SmarterRouter provides OpenAI-compatible endpoints for seamless integration with existing tools and applications.
- Development:
http://localhost:11436 - Production: Configure based on your deployment
| Endpoint Type | Authentication Required |
|---|---|
/v1/* (chat, embeddings, models) |
No |
/admin/* |
Yes - ROUTER_ADMIN_API_KEY required |
/health, /metrics |
No |
Admin endpoints require header: Authorization: Bearer your-admin-api-key
Health check endpoint with subsystem diagnostics.
Response:
{
"status": "healthy",
"checks": {
"database": {"status": "healthy", "details": "Database connection successful"},
"backend": {"status": "healthy", "details": "Backend initialized"},
"gpu_monitor": {"status": "healthy", "details": {"gpus": [], "total_gb": 0.0, "used_gb": 0.0}},
"cache": {"status": "healthy", "details": {"backend": "memory"}},
"background_tasks": {"status": "healthy", "details": {"count": 3}}
},
"version": "2.2.0",
"request_id": "req_abc123"
}Provider DB note: checks.database.details.provider_db includes available, degraded, and stale indicators so operators can detect when provider benchmark data is temporarily serving fallback behavior.

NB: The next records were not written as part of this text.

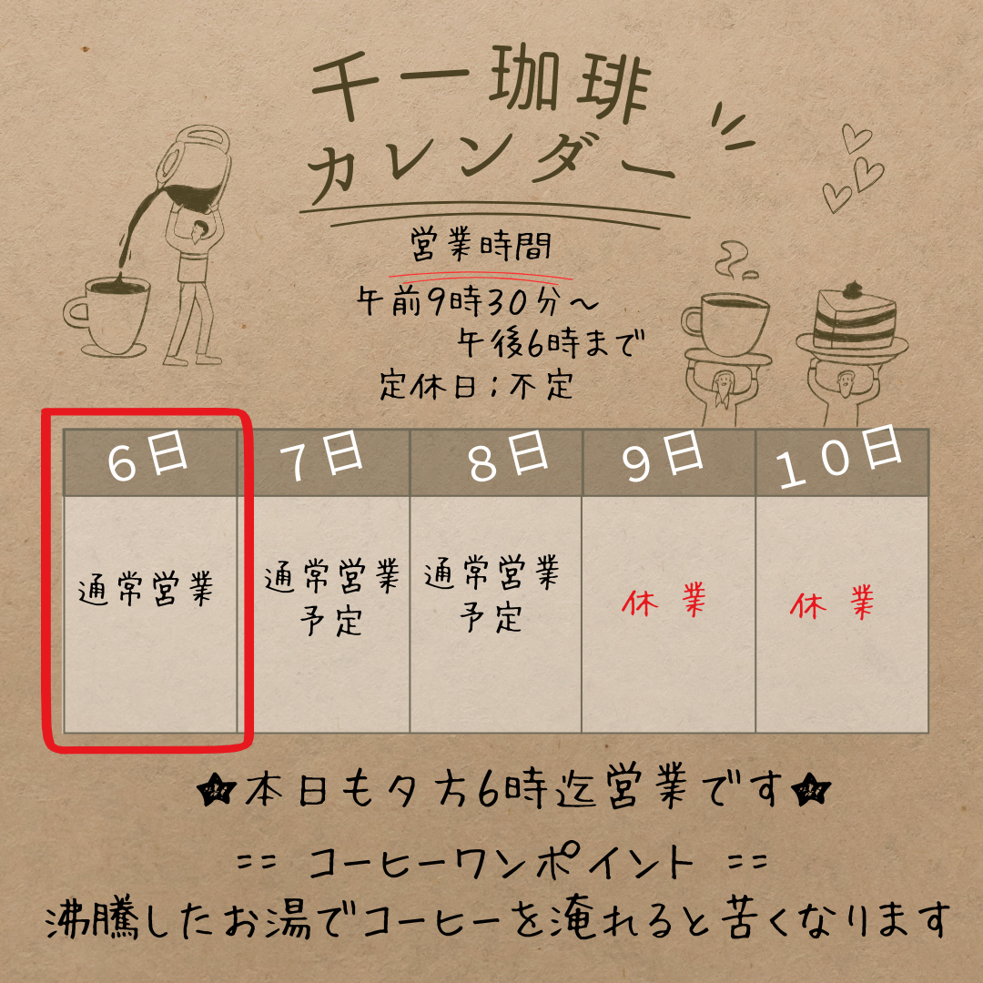 2025年1月6日 2025/1/6(月) 本日も夕方6時迄営業!! おはようございます🌞!晴れの鶴岡です☀️。最近、冬に晴れるのも珍しくなくなってきましたね😊。 ☕️ コーヒーワンポイント ☕️沸騰したお湯でコーヒーを淹れると、苦みが強くなりすぎてしまうことがあります。少し冷ましたお湯で淹れるのがおすすめです✨。 本日も夕方6時まで営業しております!ぜひお立ち寄りください😊。 岡部千信 千一珈琲の店主
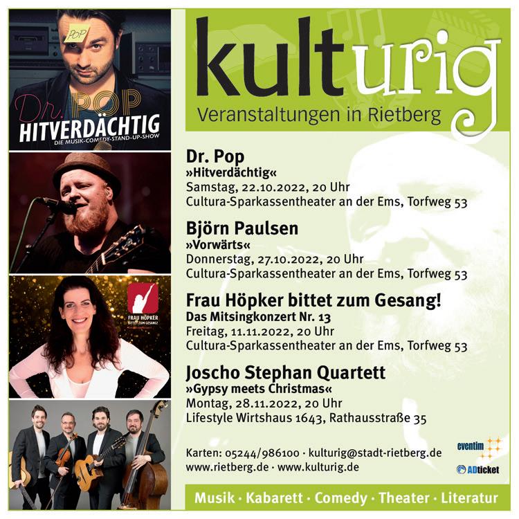 Der Frauenchor »Ton in Ton« sucht neue, begeis terte Chorsängerinnen. Wir bestehen seit nunmehr acht Jahren und singen einen bunten Mix aus aktuellen Popsongs, Oldies, Gospel und Spirituals. Dabei steht vor allem der Spaß am Singen im Vordergrund, mit gelegentlichen Auftritten. Wenn wir Dein Interesse geweckt haben, freuen wir uns, wenn Du zur Probe dienstags um 19.00 Uhr ins Laurentiusheim, Schulstr. 3, Paderborn, vorbeikommst. Kontakt: janakupke@gmx.net (gew.) Biografie-Arbeit Jahresgruppe. Das Leben verstehen wollen. Gemeinsam Erlebnisse lesen lernen. Dynamisches Tierkreiszeichnen, Erarbeiten der 12 Zeichen. 1 x monatlich samstags von 10.30-16.30 Uhr über 1 Jahr. Beginn: 29.10.2022. Information und An meldung: g.schachten@posteo.de, Tel. 01575/1189829 Weiblich, Jahrgang 1964, sucht ... Ich bin weiblich, Jahrgang 1964, komme aus PB und suche Mitspieler für Triominos, Spaziergänger:innen, die auch vormittags Zeit haben, Federballspieler:innen zum Spielen tagsüber in der Wiese. Es können sich auch Katzen-/Strickfreunde melden. charly.paule@gmx.de Kluge und schöne Lady ... sucht prickelnde, erotische Liaison – wohltuend für Geist u. Seele (... mehr als eine Affäre). Bin 62 J., 168, blond, apart, feminin. Voller Esprit, Humor u. Tiefe und lebe frei u. ungebun den. Bitte Mail mit Foto von charmanter Männerseele mit Charakter (ca. 40-63 J.) an: mail.an.belinda@gmail.com Ska Band Gründung. Wir, Saxofonistin, Sängerin, Bassist (Alter 30+ bis 50+), gründen eine neue Ska Band in Pader born und suchen Musiker:innen. Keyboard, Drums, Gitarre, gerne weitere Bläser. Proberaum vor handen. Probe montagabends. Bandgrueundung@paderborn. com
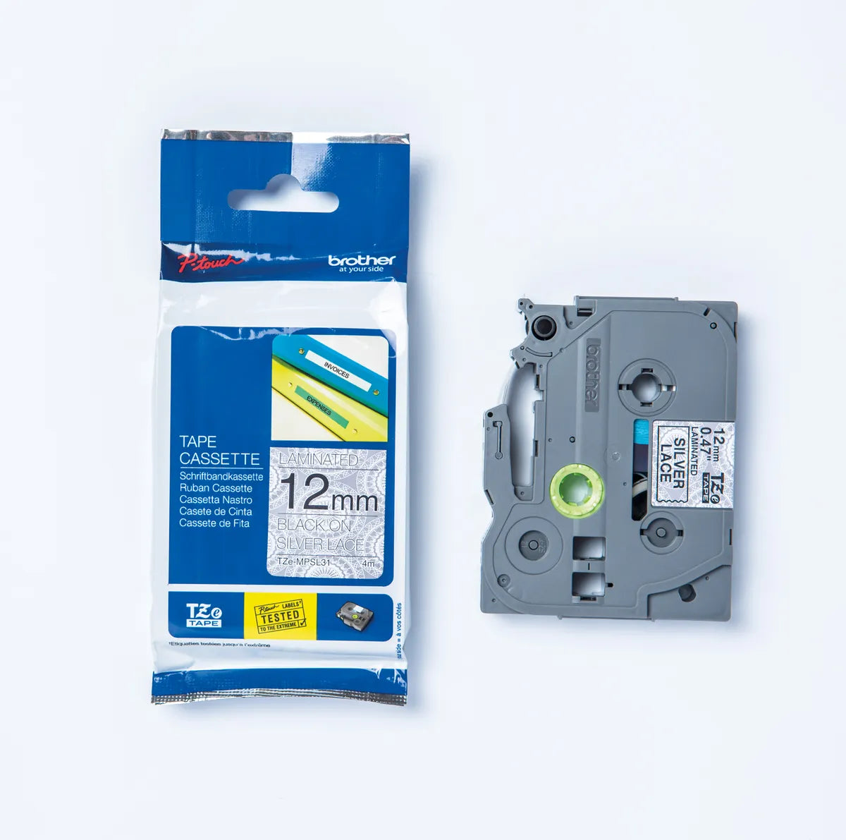 Brother TZE-MPSL31 Schriftband schwarz auf silber Spitze (12mm x 4m)
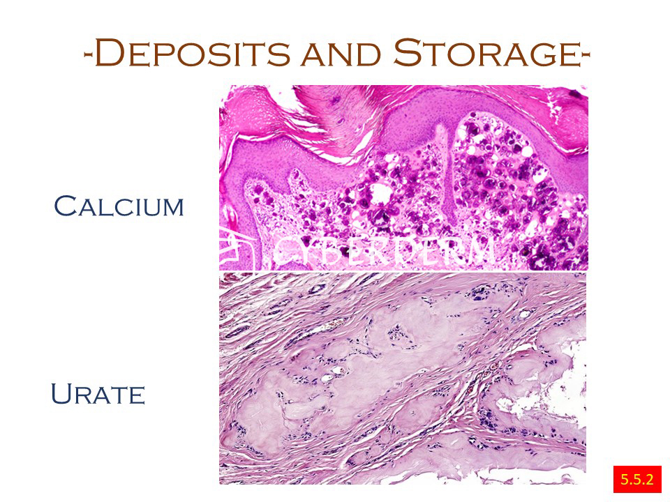 5.5.2 Other deposits: Melanin, lipids, urate, mucin, iron (hemosiderin), porphyrins, calcium and other organic or inorganic substances, produced during pathologic disease processes may be deposited intracellularly (macrophages) or extracellularly between or attached to collagen bundles in the dermis.
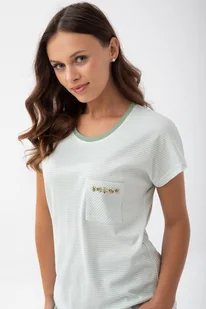 Piżama damska LUNA kod 323 zielona w przecierane paski spodnie bermudy 3XL
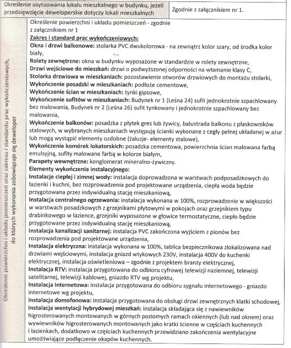 W załączniku obrys mieszkania na czerwono wraz z planem zagospodarowania terenu oraz standard wykończenia.

DLQ note: When DLQ is enabled, checks.dlq includes aggregate counts for failed, retrying, and dead background jobs.
Prometheus metrics endpoint for monitoring integration.
Content-Type: text/plain; version=0.0.4
Metrics included:
smarterrouter_requests_total- Request count by endpoint and methodsmarterrouter_request_duration_seconds- Request duration histogramsmarterrouter_errors_total- Error count by endpoint and typesmarterrouter_model_selections_total- Model selection distributionsmarterrouter_cache_hits_total/cache_misses_total- Cache statisticssmarterrouter_vram_total_gb,vram_used_gb,vram_utilization_pct- GPU memory
Returns the router itself as a single model.
Response:
{
"object": "list",
"data": [
{
"id": "smarterrouter/main",
"object": "model",
"created": 1708162374.0,
"owned_by": "local",
"description": "An intelligent LLM router that automatically selects the best model..."
}
]
}Main chat completion endpoint. Compatible with OpenAI API format.
Request:
{
"messages": [
{"role": "user", "content": "Write a Python function..."}
],
"temperature": 0.7,
"max_tokens": 500,
"stream": false
}Streaming: Set "stream": true for Server-Sent Events (SSE) format.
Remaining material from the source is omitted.